JAY: Now, twice you’ve said, I don’t see that happening. So what do you see happening?

WEEKS: Well, when you interviewed me (I don’t know if you recall it) in October of last year, I said there was going to—very likely to be another major financial crisis, and it would probably be the coming year, that is, in 2012, and that it would be around the euro. You didn’t have to be Nostradamus to make that prediction, let me say.

[incompr.] what will happen? People argue, well, you know, should Greece drop out? Should Greece default? What will—you know, with the—wouldn’t it be mad to default? Things are out of control. Greece is going to default. This is—if I can take a phrase from Gabriel García Márquez, this is a chronicle of an exit foretold. Sometime next month, Greece will default. There will be an election. If the left is elected, then you’ll have a controlled default. To a certain extent it will be controlled. At least there will be an attempt to manage it. If the leaders of the other European countries are successful in frightening Greek population into reelecting the same clowns and thieves that got Greece into this austerity mess, then also there will be default and exit, but it will be chaotic, because what’s happening—as you’ve said, what’s happening in Greece is the result of the austerity. Austerity prevents the government from having the revenue to service the debt. Without growth, there is no conceivable outcome other than default.

JAY: And then what?

WEEKS: Well, I think that’s [incompr.] ability to predict, but I would say that it’s conceivable Greece could default and stay in the euro. And that would involve more of the same misery, only even worse. More likely, I think, is that they’ll default and be abandoned. I think that in Germany and in the European Commission, leaders are already planning for Greece to exit. I think they take the position that, you know, the Greeks have been a problem for too long, they can’t solve the problem on Germany’s terms, so if they default, then just push them out.
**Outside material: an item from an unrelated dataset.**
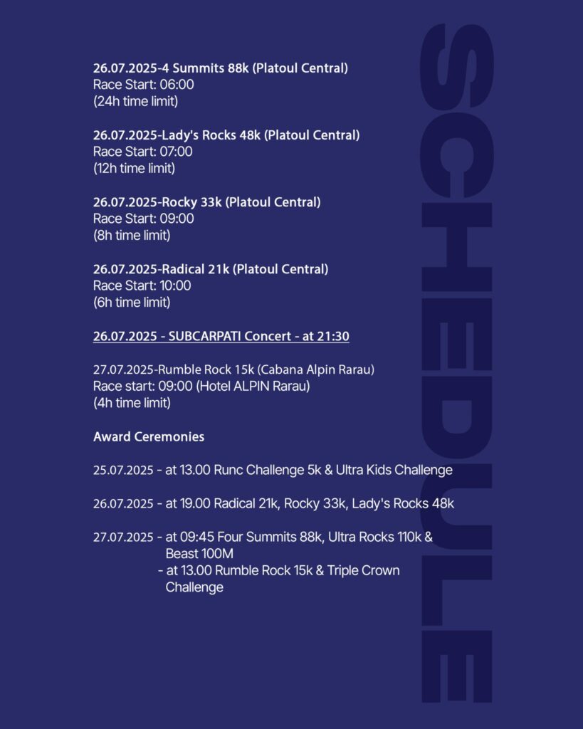 Kit distribution: 24.07 (15-19) – 26.07 (08-20) Platoul Central, 27.07 – Hotel Alpin Rarau (07:30 – 08:30)

Then what happens to the euro? Many people say it will break up. I would say that depends on what the other weak countries do, ’cause, see, Germany is one of the strongest economies in the world, so it’s inconceivable that you can have a collapse of a currency which is being used by one of the strongest countries in the world and a country which is growing—not very fast, and on the basis of beggar-thy-neighbor policies, but still it’s growing. So I don’t think they will enter a period of very extreme financial instability. Banks will go bust, particularly in Spain. Perhaps some of the viewers have been reading or seeing reports about the banks in Spain. It’s almost certain that they’ll need to be bailed out again. Then what will happen? Will the Germans say, well, Spain has become too much of a problem too? It will be a very chaotic situation. How chaotic and how it will be resolved I don’t know. We’ll really be in, you know, uncharted territory, if I can use a cliche.

JAY: Thanks for joining us, John.

WEEKS: Well, thank you for having me.

JAY: And thank you for joining us on The Real News Network.